このプレッシャーは何なんだ。間違いなく今まで対峙したどのピッチャーよりも凄まじい闘気だ。目を離した瞬間食い殺されてしまうのではないか? と馬鹿なことを考えてしまうほどには、今、目の前にいる人は異常だった。
「ばっちゃ、私の友達をそんなに怖がらせないでください」
「・・・・・・クックック。儂の目から逸らさないのは褒めちゃろう。話に聞くと前原家の長男は梨花ちゃまに気に入られてるみたいやんね。——して何しにきよったんや?」
視線を逸らさなかったかというよりも、俺はその逆で必死にその凶暴な視線から目を逸らそうとしていたが、なぜか動かなかっただけだ。何はともあれその勘違いにより、一応は良い評価を貰ったようなので結果オーライである。俺は持ってきた挨拶の品を前に差し出す。
「あいしゃ・・・・・・ンッ、ゴホッ。挨拶が遅れて申し訳ございません。3週間ほど前にこちらの雛見沢移住してきた前原でございます。本日は貴重な時間を割いていただきありがとうございます。両親に変わり長男の私、前原彼方が代わりに挨拶に来ました。こちらはつまらないものですがよろしければどうぞ」
緊張によって最初は噛んでしまったが、綺麗にお辞儀をして挨拶を済ませる。
「よかよか、もう顔を上げい。彼方言うたなぁ・・・・・・どうじゃ、都会に住んでたお前さんには雛見沢は不憫じゃないけぇの?」
確かお魎さんは、雛見沢に新しい風を入れたいと思っていたんじゃないっけ。ならここは、深く考えずに正直に答えても悪い展開にはならないだろう。
「私には都会よりも田舎の方が性に合っていますよ。それに学校の人数は少ないですけど、こちらにいる魅音を筆頭に綺麗な女性と勉学を取れるのはなんていうか・・・・・・最高です。とても住みやすい所だと私は思います」
不純な理由が大いに入っていた気がするが、それを笑って流してくれたお魎さんはやはり、良い人なのだろう。
「——そうかい。んならよかった。今日はわざわざご苦労じゃったの。まぁ、この老いぼれを目の前にして、孫を口説くのはいただけなかね」
言い終わるとお魎さんは魅音に目を向け合図を送る。
その目配せを受けた魅音が立ちあがると同じく俺も、腰を上げ部屋をあとにしようとすると、もう体を倒して横になっているお魎さんが俺を呼び止める。
「何か困ったことがありゃ、遠慮せずに言いにきんしゃい」
「——はい!」
予想外の言葉に一瞬驚いてしまったが、元気よく返事をする。
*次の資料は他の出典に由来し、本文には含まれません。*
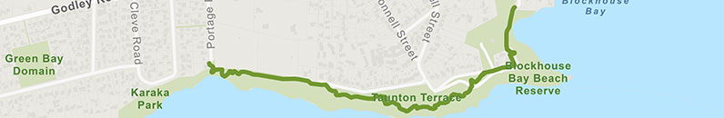 Start at the end of Portage Road and follow the steps down to Tauihu / Green Bay Beach. At low tide, children can hunt for crabs and sea anemone before starting on their walk.

どうにか気に入ってもらえたようだ。少しの手応えを感じて園崎家を後にした。
「いやぁすごいね彼方は。まさかばっちゃの本気の眼力から目をそらないないなんてね。 おじさんも感動したよ!」
園崎家の家の前で緊張を解いた俺らは苦笑いしながらも、さっきのことを話し始める。
魅音がいうには、あの最初のお魎さんの眼は大の大人でさえ初見では竦み上がってしまうらしい。俺も経験したからわかるが、さすが作中で詩音から鬼婆といわれているだけある。
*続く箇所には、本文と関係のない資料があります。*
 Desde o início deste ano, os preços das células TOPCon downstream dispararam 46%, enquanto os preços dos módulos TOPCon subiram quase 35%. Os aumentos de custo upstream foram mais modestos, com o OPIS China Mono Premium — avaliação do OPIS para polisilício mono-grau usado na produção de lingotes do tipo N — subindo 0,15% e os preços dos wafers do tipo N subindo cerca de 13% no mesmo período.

俺らでは想像もしえない武勇伝がもっとあるに違いない。
「1対1なら完全にちびってたな。魅音が隣にいてくれて助かったよ。なんかお前って安心感あるからな」
「えっ!?そ、そそっそりゃ良かった。まぁ部長だからね私は! てかさっきと言い勘違いさせるようなことは言わない方が良いよ。・・・・・・どうせ分かってないだろうけどね。ほら、もう暗くなってきたから帰んな帰んな!」
さっきまで普通に話してたと思ったら、急に背中を押され帰路を急がれる。
でも魅音の言う通り少し長居してしまった感も否めないので、ここは素直に帰らせてもらう事にしよう。大きく腕を左右に振る魅音を背に歩き出す。
「彼方ー! その髪型似合ってないよぉおお。写真は撮ってあるから楽しみにしてなねー!」
園崎家との距離が結構遠くなった頃、それを見計らったかのように魅音が大声でとんでもないことをカミングアウトしてきやがった。
何か言い返そうと振り向いたが、こっちが見惚れるぐらいの良い笑顔で言われちゃ何も反論はできないというものだ。部活メンバーにまたからかわれることを想像しながらも軽く手をあげてまた歩き出す。
熱い・暑い・厚い。
ひぐらしが鳴いている。風情ですね。